▶ [Exercise prompt] Where the records below reach the line containing "Çalışma tezgahı yapabilmek", start transcribing, and end with the line containing "Aparecen en la", exactly and with nothing else added.

▶ [Material for the task]

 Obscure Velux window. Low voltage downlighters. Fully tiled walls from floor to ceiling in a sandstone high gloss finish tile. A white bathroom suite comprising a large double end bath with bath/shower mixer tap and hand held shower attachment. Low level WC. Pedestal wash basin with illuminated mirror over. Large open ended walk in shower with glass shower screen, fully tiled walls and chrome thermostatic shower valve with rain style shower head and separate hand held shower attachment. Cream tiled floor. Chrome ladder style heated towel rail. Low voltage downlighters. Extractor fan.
---
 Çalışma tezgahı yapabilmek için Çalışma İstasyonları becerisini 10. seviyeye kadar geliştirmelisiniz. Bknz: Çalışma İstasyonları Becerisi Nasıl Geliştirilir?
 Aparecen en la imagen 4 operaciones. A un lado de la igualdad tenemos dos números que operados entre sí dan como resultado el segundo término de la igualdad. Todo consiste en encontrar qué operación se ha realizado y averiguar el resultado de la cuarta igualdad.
--
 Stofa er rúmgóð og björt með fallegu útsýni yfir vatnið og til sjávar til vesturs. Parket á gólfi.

▶ [Response to the task]
 Çalışma tezgahı yapabilmek için Çalışma İstasyonları becerisini 10. seviyeye kadar geliştirmelisiniz. Bknz: Çalışma İstasyonları Becerisi Nasıl Geliştirilir?
 Aparecen en la imagen 4 operaciones. A un lado de la igualdad tenemos dos números que operados entre sí dan como resultado el segundo término de la igualdad. Todo consiste en encontrar qué operación se ha realizado y averiguar el resultado de la cuarta igualdad.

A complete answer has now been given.